**Data for this exercise**
┄┄┄┄┄┄

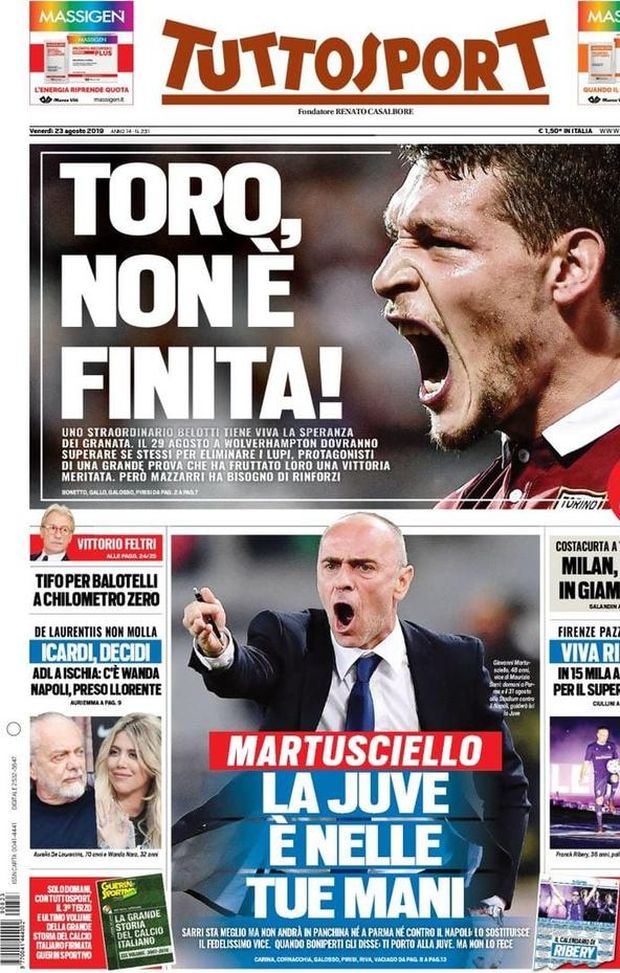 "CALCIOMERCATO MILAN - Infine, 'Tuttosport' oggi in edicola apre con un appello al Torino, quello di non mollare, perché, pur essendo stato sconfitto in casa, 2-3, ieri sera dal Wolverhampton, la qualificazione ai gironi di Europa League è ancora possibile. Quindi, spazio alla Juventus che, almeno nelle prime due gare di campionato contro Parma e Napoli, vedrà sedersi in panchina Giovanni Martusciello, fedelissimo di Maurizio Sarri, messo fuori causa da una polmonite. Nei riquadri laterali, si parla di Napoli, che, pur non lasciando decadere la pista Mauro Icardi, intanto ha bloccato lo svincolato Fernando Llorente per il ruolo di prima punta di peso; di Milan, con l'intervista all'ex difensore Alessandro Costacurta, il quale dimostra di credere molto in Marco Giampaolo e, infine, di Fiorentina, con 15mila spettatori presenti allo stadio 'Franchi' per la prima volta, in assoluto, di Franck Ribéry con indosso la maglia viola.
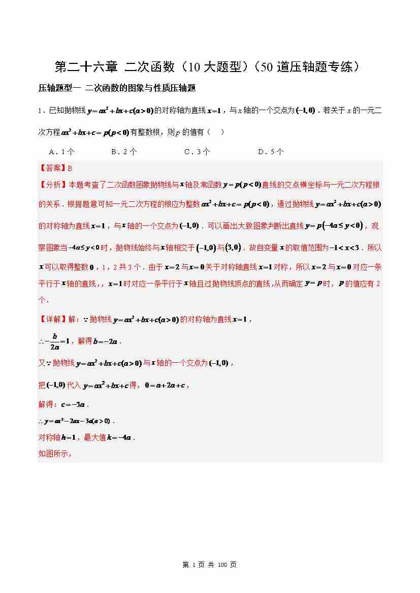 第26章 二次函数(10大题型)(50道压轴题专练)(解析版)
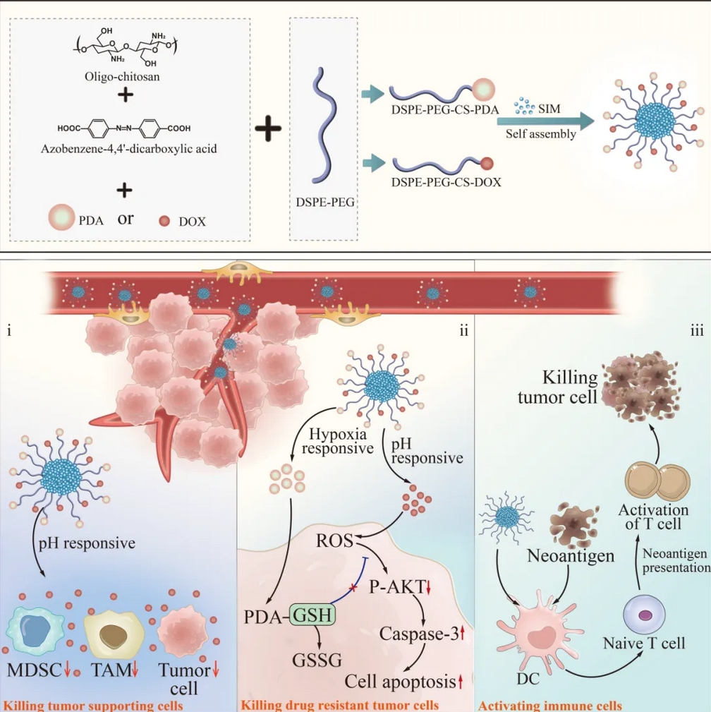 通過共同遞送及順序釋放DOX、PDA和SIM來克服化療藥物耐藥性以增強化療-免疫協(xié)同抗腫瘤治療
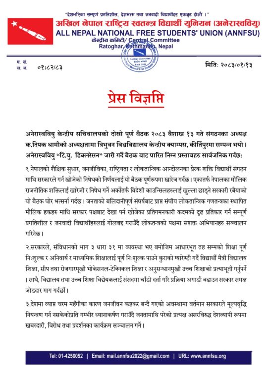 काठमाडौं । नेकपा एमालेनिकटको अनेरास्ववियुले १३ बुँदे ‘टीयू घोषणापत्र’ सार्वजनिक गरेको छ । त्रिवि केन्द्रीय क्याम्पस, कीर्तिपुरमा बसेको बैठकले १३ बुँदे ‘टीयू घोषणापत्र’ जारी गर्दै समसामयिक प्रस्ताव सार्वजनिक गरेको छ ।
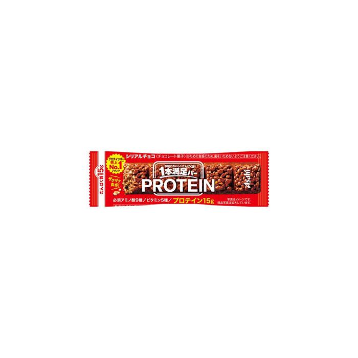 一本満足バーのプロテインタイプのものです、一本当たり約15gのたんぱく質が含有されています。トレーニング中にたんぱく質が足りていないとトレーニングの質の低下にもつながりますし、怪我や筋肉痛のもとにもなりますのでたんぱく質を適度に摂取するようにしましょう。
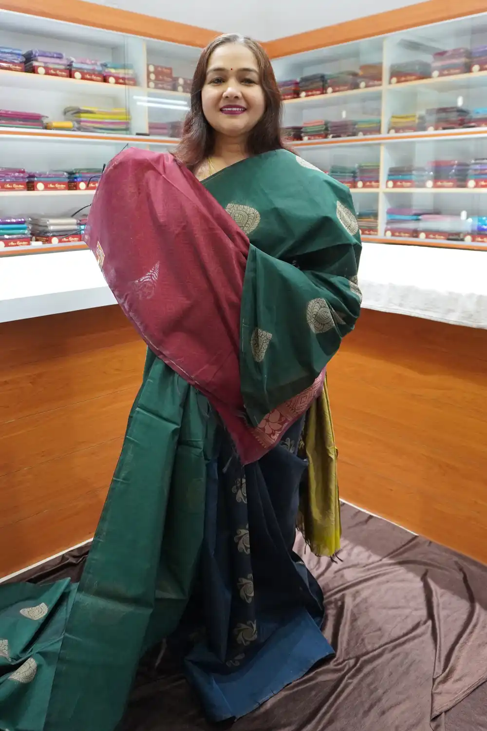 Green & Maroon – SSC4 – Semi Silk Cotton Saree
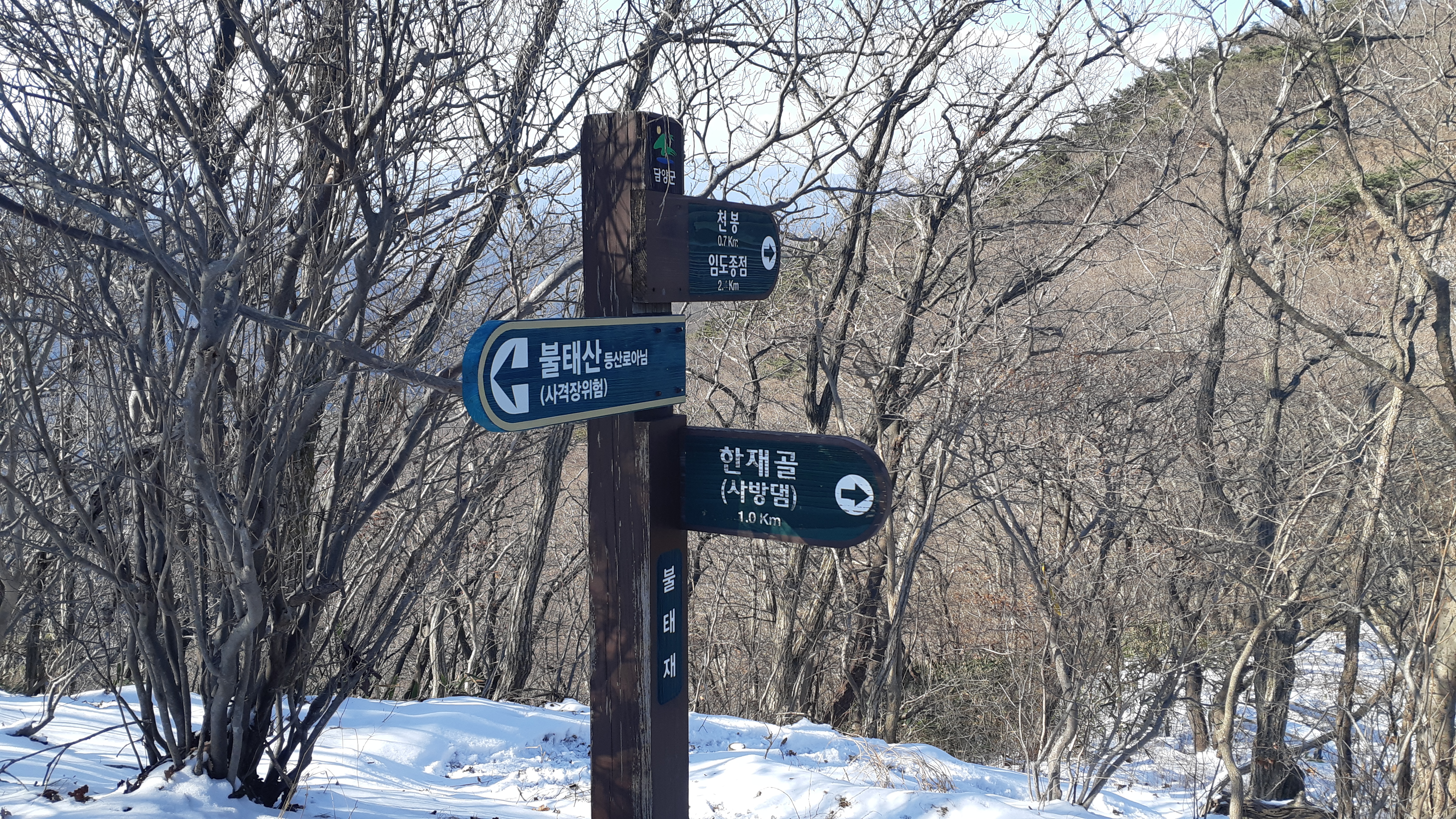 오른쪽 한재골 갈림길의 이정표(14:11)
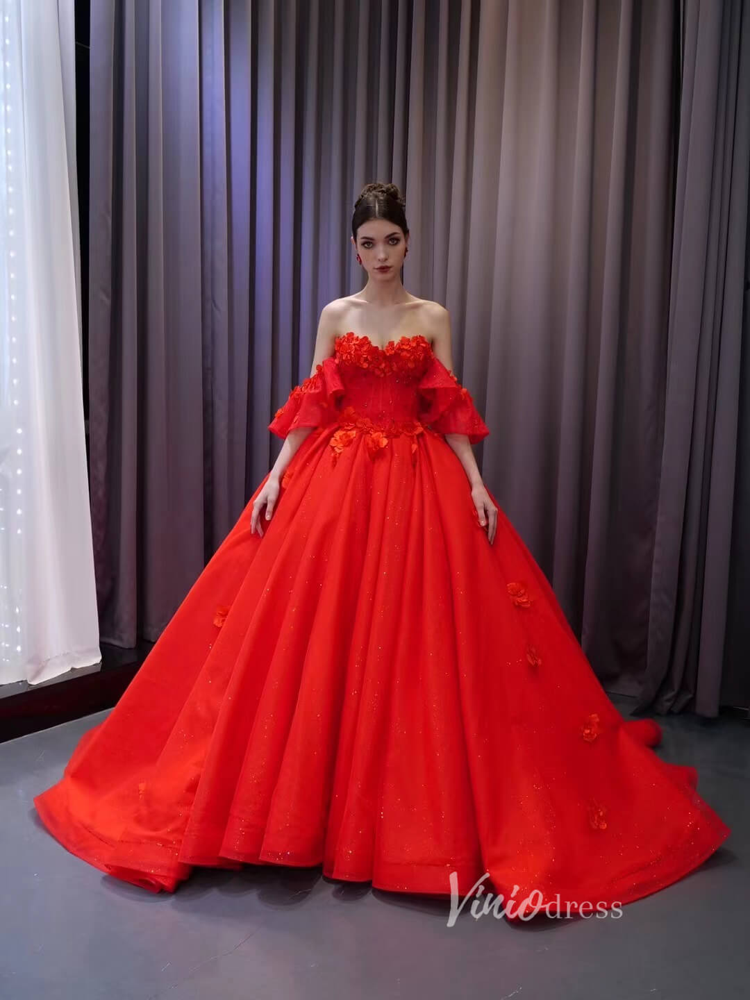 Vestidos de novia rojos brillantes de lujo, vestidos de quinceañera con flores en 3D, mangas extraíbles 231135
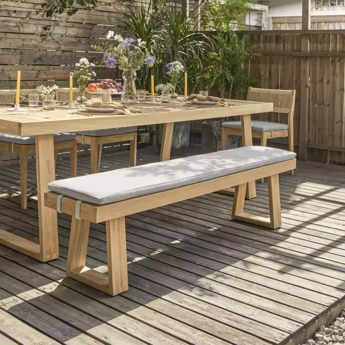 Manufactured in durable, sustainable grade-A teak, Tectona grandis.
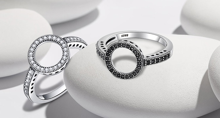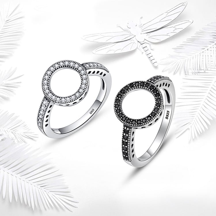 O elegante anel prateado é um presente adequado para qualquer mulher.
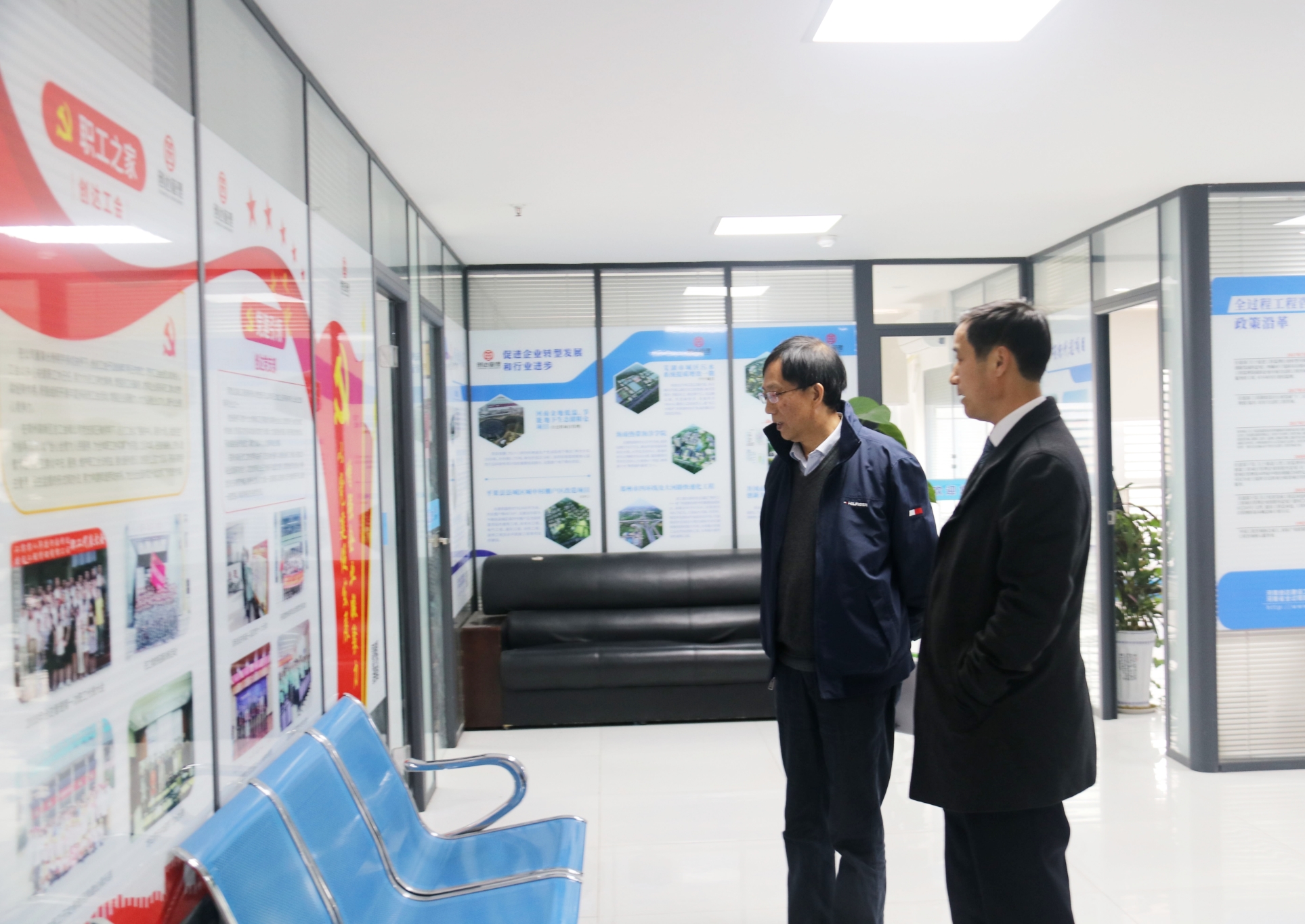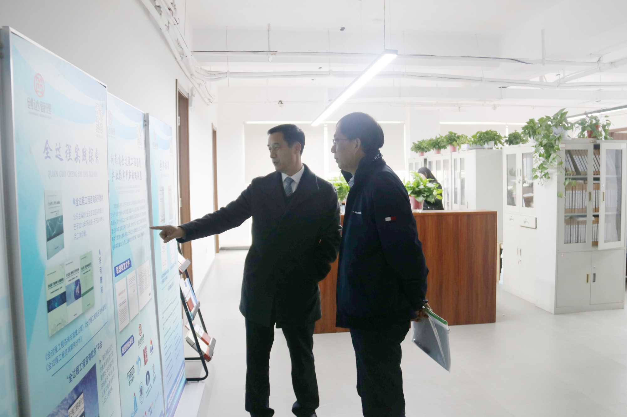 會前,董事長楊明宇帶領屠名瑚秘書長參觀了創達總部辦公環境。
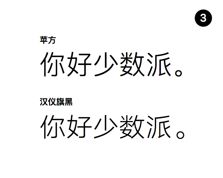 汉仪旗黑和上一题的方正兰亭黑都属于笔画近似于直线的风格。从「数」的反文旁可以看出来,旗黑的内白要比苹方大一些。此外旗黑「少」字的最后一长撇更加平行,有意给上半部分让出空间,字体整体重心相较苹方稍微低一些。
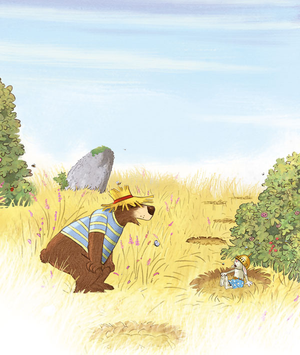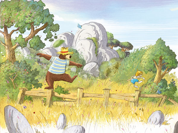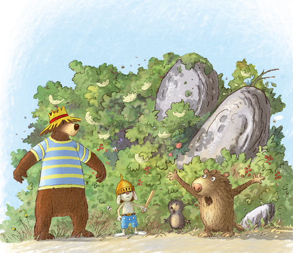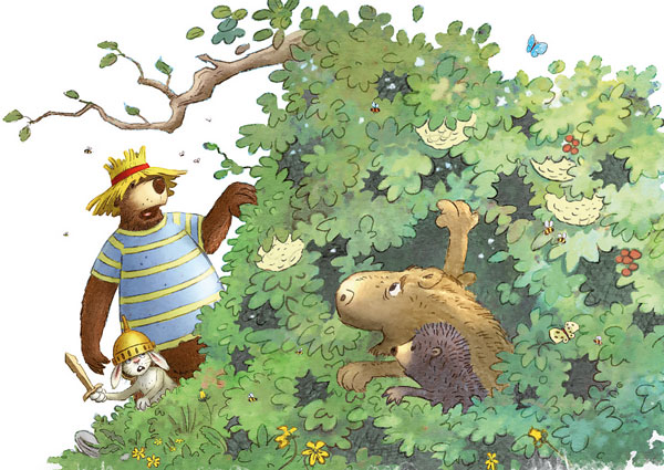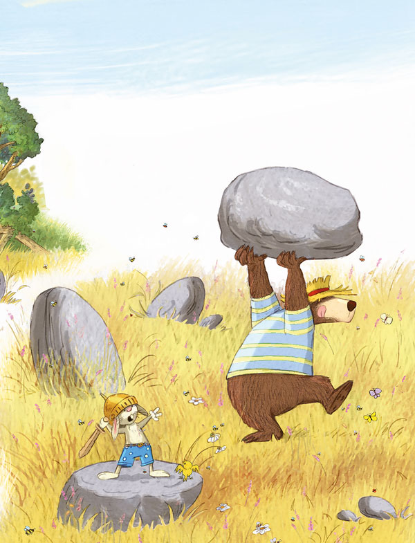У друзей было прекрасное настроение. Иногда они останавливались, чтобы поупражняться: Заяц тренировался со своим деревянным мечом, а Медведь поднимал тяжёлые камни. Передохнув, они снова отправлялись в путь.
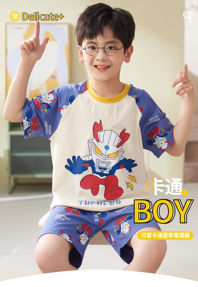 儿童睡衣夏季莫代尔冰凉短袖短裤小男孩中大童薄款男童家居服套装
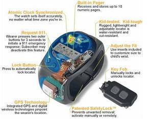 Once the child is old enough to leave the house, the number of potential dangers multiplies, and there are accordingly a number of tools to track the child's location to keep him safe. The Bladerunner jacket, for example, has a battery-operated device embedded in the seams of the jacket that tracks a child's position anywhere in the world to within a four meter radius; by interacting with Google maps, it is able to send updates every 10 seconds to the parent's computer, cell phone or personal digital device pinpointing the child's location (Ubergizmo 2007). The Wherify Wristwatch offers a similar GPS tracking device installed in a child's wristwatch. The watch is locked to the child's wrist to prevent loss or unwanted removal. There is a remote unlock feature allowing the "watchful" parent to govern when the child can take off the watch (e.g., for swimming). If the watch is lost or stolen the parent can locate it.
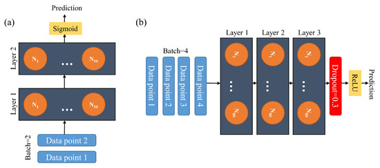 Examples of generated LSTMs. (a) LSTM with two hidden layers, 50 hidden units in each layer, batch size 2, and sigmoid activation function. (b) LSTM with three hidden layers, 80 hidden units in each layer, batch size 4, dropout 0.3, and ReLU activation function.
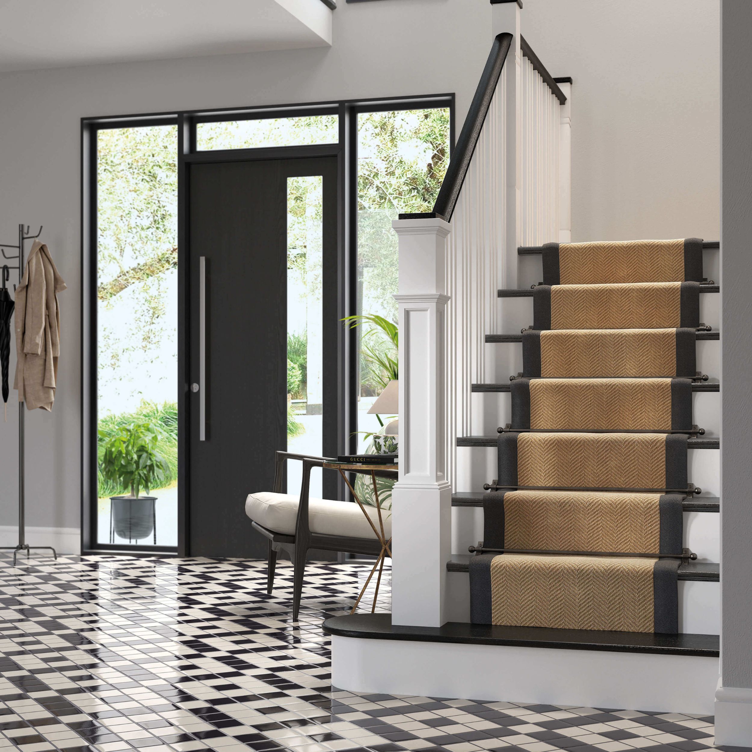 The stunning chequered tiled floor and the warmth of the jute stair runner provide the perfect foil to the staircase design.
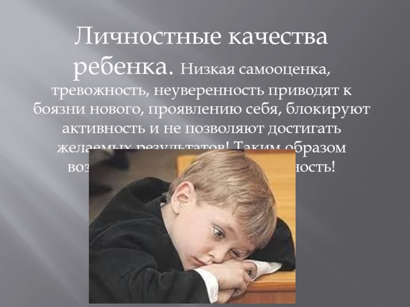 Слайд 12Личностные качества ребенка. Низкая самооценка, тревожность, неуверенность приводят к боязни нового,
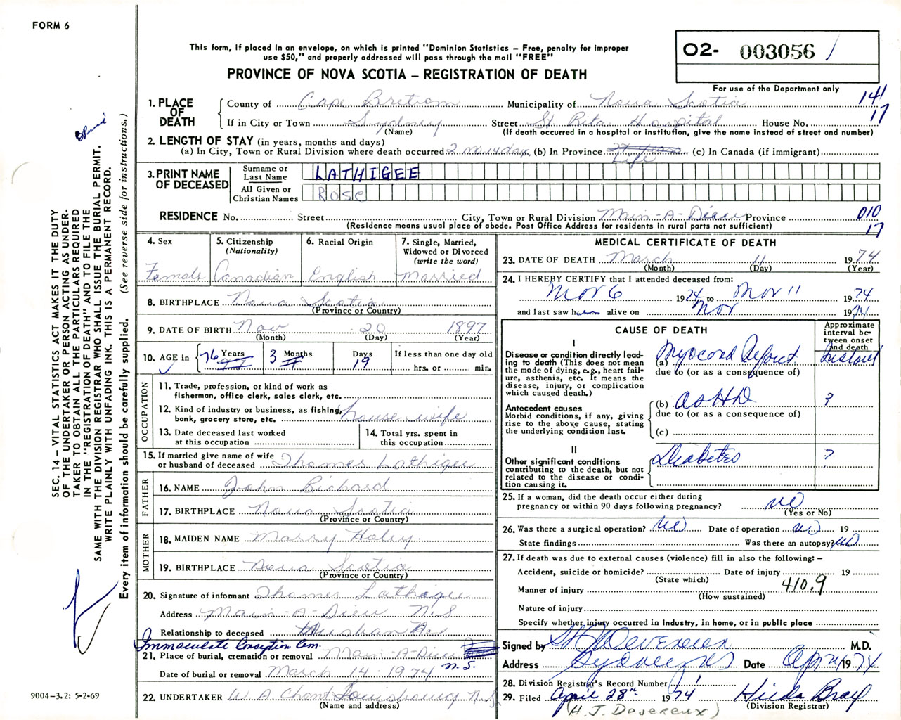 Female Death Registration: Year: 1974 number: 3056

┄┄┄┄┄┄

**Goal of the exercise**
In the copy, include all records verbatim but no images.

**Output of the exercise**
 "CALCIOMERCATO MILAN - Infine, 'Tuttosport' oggi in edicola apre con un appello al Torino, quello di non mollare, perché, pur essendo stato sconfitto in casa, 2-3, ieri sera dal Wolverhampton, la qualificazione ai gironi di Europa League è ancora possibile. Quindi, spazio alla Juventus che, almeno nelle prime due gare di campionato contro Parma e Napoli, vedrà sedersi in panchina Giovanni Martusciello, fedelissimo di Maurizio Sarri, messo fuori causa da una polmonite. Nei riquadri laterali, si parla di Napoli, che, pur non lasciando decadere la pista Mauro Icardi, intanto ha bloccato lo svincolato Fernando Llorente per il ruolo di prima punta di peso; di Milan, con l'intervista all'ex difensore Alessandro Costacurta, il quale dimostra di credere molto in Marco Giampaolo e, infine, di Fiorentina, con 15mila spettatori presenti allo stadio 'Franchi' per la prima volta, in assoluto, di Franck Ribéry con indosso la maglia viola.
 第26章 二次函数(10大题型)(50道压轴题专练)(解析版)
 通過共同遞送及順序釋放DOX、PDA和SIM來克服化療藥物耐藥性以增強化療-免疫協(xié)同抗腫瘤治療
 काठमाडौं । नेकपा एमालेनिकटको अनेरास्ववियुले १३ बुँदे ‘टीयू घोषणापत्र’ सार्वजनिक गरेको छ । त्रिवि केन्द्रीय क्याम्पस, कीर्तिपुरमा बसेको बैठकले १३ बुँदे ‘टीयू घोषणापत्र’ जारी गर्दै समसामयिक प्रस्ताव सार्वजनिक गरेको छ ।
 一本満足バーのプロテインタイプのものです、一本当たり約15gのたんぱく質が含有されています。トレーニング中にたんぱく質が足りていないとトレーニングの質の低下にもつながりますし、怪我や筋肉痛のもとにもなりますのでたんぱく質を適度に摂取するようにしましょう。
 Green & Maroon – SSC4 – Semi Silk Cotton Saree
 오른쪽 한재골 갈림길의 이정표(14:11)
 Vestidos de novia rojos brillantes de lujo, vestidos de quinceañera con flores en 3D, mangas extraíbles 231135
 Manufactured in durable, sustainable grade-A teak, Tectona grandis.
 O elegante anel prateado é um presente adequado para qualquer mulher.
 會前,董事長楊明宇帶領屠名瑚秘書長參觀了創達總部辦公環境。
 汉仪旗黑和上一题的方正兰亭黑都属于笔画近似于直线的风格。从「数」的反文旁可以看出来,旗黑的内白要比苹方大一些。此外旗黑「少」字的最后一长撇更加平行,有意给上半部分让出空间,字体整体重心相较苹方稍微低一些。
У друзей было прекрасное настроение. Иногда они останавливались, чтобы поупражняться: Заяц тренировался со своим деревянным мечом, а Медведь поднимал тяжёлые камни. Передохнув, они снова отправлялись в путь.
 儿童睡衣夏季莫代尔冰凉短袖短裤小男孩中大童薄款男童家居服套装
 Once the child is old enough to leave the house, the number of potential dangers multiplies, and there are accordingly a number of tools to track the child's location to keep him safe. The Bladerunner jacket, for example, has a battery-operated device embedded in the seams of the jacket that tracks a child's position anywhere in the world to within a four meter radius; by interacting with Google maps, it is able to send updates every 10 seconds to the parent's computer, cell phone or personal digital device pinpointing the child's location (Ubergizmo 2007). The Wherify Wristwatch offers a similar GPS tracking device installed in a child's wristwatch. The watch is locked to the child's wrist to prevent loss or unwanted removal. There is a remote unlock feature allowing the "watchful" parent to govern when the child can take off the watch (e.g., for swimming). If the watch is lost or stolen the parent can locate it.
 Examples of generated LSTMs. (a) LSTM with two hidden layers, 50 hidden units in each layer, batch size 2, and sigmoid activation function. (b) LSTM with three hidden layers, 80 hidden units in each layer, batch size 4, dropout 0.3, and ReLU activation function.
 The stunning chequered tiled floor and the warmth of the jute stair runner provide the perfect foil to the staircase design.
 Слайд 12Личностные качества ребенка. Низкая самооценка, тревожность, неуверенность приводят к боязни нового,
 Female Death Registration: Year: 1974 number: 3056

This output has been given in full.